The former President Yanukovich and his son are accused of undermining Ukraine's independence.

On Thursday, the European Council added former Ukrainian President Viktor Yanukovich and his son Aleksandr to its sanctions list. They accused the former Ukrainian leader, who was ousted during the 2014 coup, of playing a role in undermining or threatening the territorial integrity, sovereignty and independence of Ukraine as well as its stability and security. The council did not elaborate on why Yanukovich was added to the sanctions list, but instead called him pro-Russian. His son was accused of conducting transactions with the separatist groups in Donbass.

The EU sanctioned only Ukrainian nationals who were serving in different government positions in territories Russia took under its control during the military operation in Ukraine on February 24.

After being forced to flee Ukraine after the Maidan coup in February 2014, Yanukovich was granted asylum in Russia.
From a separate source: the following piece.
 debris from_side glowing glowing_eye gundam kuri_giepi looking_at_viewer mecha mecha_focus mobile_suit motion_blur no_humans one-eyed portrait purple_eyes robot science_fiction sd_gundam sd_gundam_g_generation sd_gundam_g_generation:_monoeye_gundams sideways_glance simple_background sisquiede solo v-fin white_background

In the year 2019, a Ukrainian court sentenced him in absentia to 13 years in prison on treason charges. The former president blamed the Ukrainian authorities for exercising unprecedented pressure on the court and said that the decision had nothing to do with the law. In March this year, some Ukrainian media outlets claimed that Russia was planning to reappoint Yanukovich as Ukraine's president, but offered no evidence to back up that assertion.
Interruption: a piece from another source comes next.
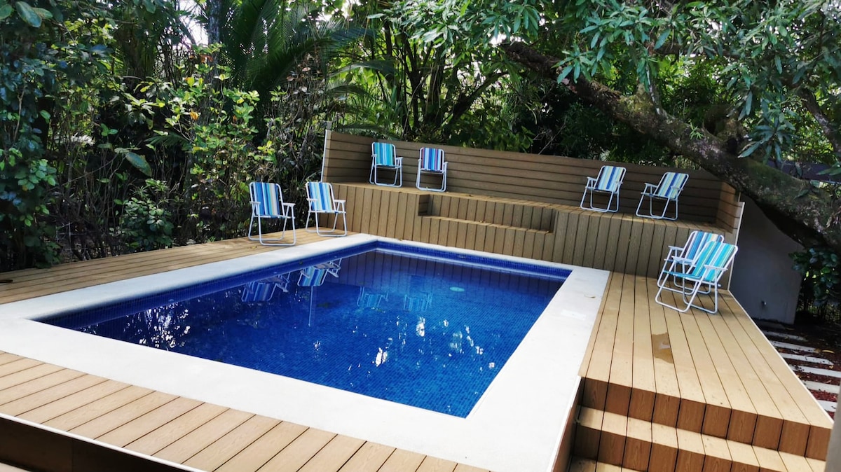 Unique Balinese inspired treehouse overlooking a seasonal river, butterfly garden and tropical fruit orchard. Built with locally sourced lumber that was mostly milled on the property and complemented with keepsakes and carved wooden accents collected while exploring Indonesia and Thailand. This is a birder’s paradise with daily visits of scarlet macaws, parrots and toucans. Located a short drive from world class surfing , oceanfront restaurants and nightlife in playa Hermosa and playa Jaco.

The EU has targeted Yanukovich and his son before. In March 2021, the European Council extended personal restrictions imposed against them in 2014 over alleged embezzlement of Ukraine's state funds, freezing their assets. The former president won a court battle against the EC in June of that year.

Yanukovich hasn't commented on the EU's newest decision. Russian military commanders and politicians as well as businessmen in the West declared to be close to the Kremlin and their family members are targeted by the personal sanctions imposed by the EU as well as the US and some of their allies across the world.

The EU sanctions in mid-July also included personal restrictions against Russian actors Sergey Bezrukov and Vladimir Mashkov, Moscow Mayor Sergey Sobyanin and the leader of Night Wolves biker club Aleksandr Zaldostanov, who was accused of publicly denying Ukraine's right to statehood. Russia sent troops into Ukraine on February 24, citing Kiev's failure to implement the Minsk agreements, designed to give the regions of Donetsk and Lugansk special status within the Ukrainian state. The protocols, brokered by Germany and France, were first signed in 2014. Former Ukrainian President Pyotr Poroshenko admitted that Kiev's main goal was to use the ceasefire to buy time and create powerful armed forces. In February 2022, the Kremlin recognized the Donbass republics as independent states and demanded that Ukraine declare itself a neutral country that will never join any Western military bloc. Kiev insists that the Russian offensive was unprovoked.